Information Privacy Office

The Information Privacy Office

Information Privacy is the principle that a person should have control over their personal data or personal information, including the ability to decide how organizations collect, store and use their data.

At Utah State University, we manage a wide range of institutional data to support academic, administrative, and operational functions. A portion of this includes personal information—data about students, employees, prospective students, and other members of the USU community.

What Counts as Personal Information?

At USU, personal information is anything that can identify someone—like their name, contact details, date of birth, or government ID numbers. It also includes student and employee IDs (like A-numbers), work or class details tied to a person (such as schedules, grades, job titles, or office locations), and sensitive records like health, disability, financial aid, or payroll information. Even digital data—like usernames, login activity, swipe card use, or device and IP addresses—counts if it can be linked back to an individual.

Each type of data managed at USU carries its own set of risks, legal obligations, and handling requirements. As a result, privacy protections vary depending on the nature of the information, the individuals it pertains to—such as minors or international students—the reasons it is collected, and where and how it is processed. These factors determine which privacy laws apply and what safeguards are necessary to ensure proper data protection. 

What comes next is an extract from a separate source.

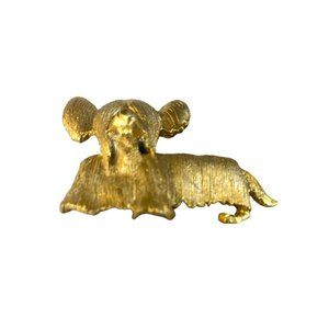 Vintage 1980s Terrier Dog Brooch Long Haired Dog Pin 1.5"
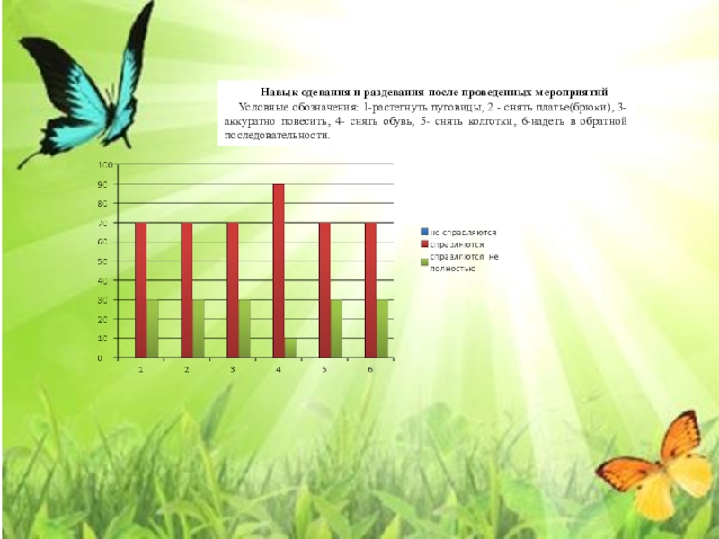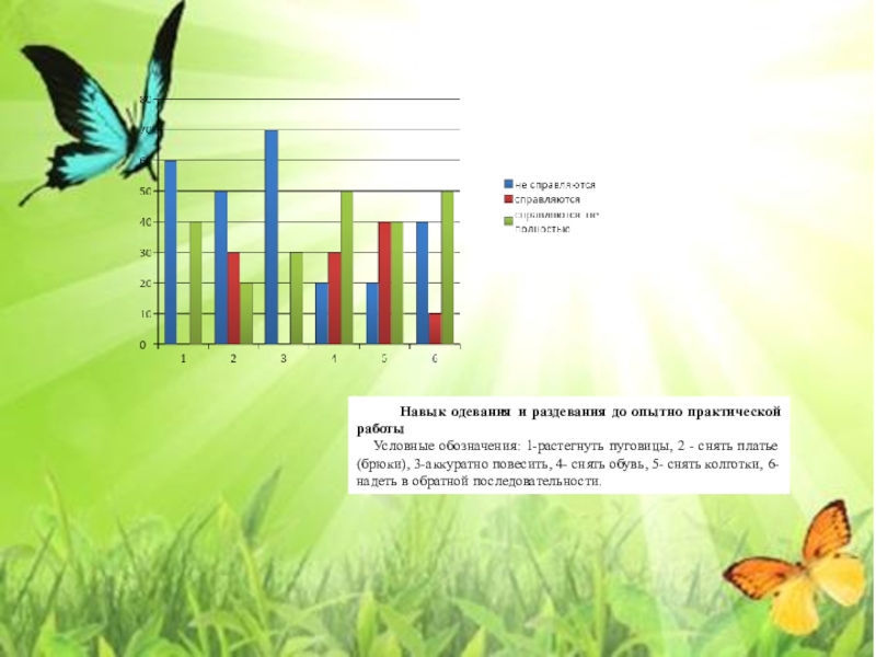 Условные обозначения: 1-растегнуть пуговицы, 2 - снять платье(брюки), 3-аккуратно повесить, 4- снять обувь, 5- снять колготки, 6-надеть в обратной последовательности.

The Information Privacy Office supports faculty, staff, and university departments by helping them recognize and apply appropriate privacy standards across systems and services. This work is guided by a principles-based framework focused on three key areas: information management, vendor management, and incident management. Each area aligns with USU’s Data Classification Standards to ensure that all data is protected based on its sensitivity and the potential risks involved.

USU Privacy Principles

The USU Privacy Principles establish guidelines for ethical and responsible handling of personal data at Utah State University, applicable to university operations. All external partners, consultants, and vendors must comply with these standards when processing data for USU. Adherence to these principles doesn't exempt any party from other legal or regulatory obligations related to privacy and data protection. These principles are dynamic and will be updated as privacy laws evolve.

1. Transparency, Notice, and Choice
   Inform individuals clearly and accessibly about the collection, use, and sharing of their personal data. Where feasible, provide meaningful choices, including obtaining informed consent for certain uses.
   
   
2. Minimization
   Collect and use only the personal data necessary to accomplish a specific, legitimate purpose.
   
   
3. Responsible and Ethical Use
   Use personal data strictly for communicated purposes or as permitted by law. Manage information with integrity, accountability, and fairness.
   
   
4. Need to Know
   Restrict access to personal data to individuals who require it to perform authorized university functions
   
   
5. Security and Protection
   Implement administrative, technical, and physical safeguards to protect personal data from unauthorized access, use, disclosure, or loss.
6. De-Identification and Anonymization
   Where possible, remove personal identifiers or apply de-identification techniques to reduce risks to individuals.
   
   
7. Data Stewardship and Accountability
   Assign clear responsibility for managing data. Data owners must ensure compliance, assess risks, and respond to privacy inquiries or concerns.
   
   
8. Third-Party Management
   Share personal data only with partners who meet or exceed USU’s privacy and security requirements, governed by formal agreements.
   
   
9. Retention, Deletion, and Disposal
   Keep personal data only as long as necessary for operational or legal reasons. Delete, archive, or securely dispose of data when it is no longer needed.
   
   
10. Geospecific Compliance
    Comply with privacy laws and regulations specific to the jurisdictions where data is collected, stored, accessed, or transferred.
    
    
11. Incident Response and Reporting
    Promptly report suspected or confirmed privacy incidents to the appropriate university office for immediate investigation and resolution.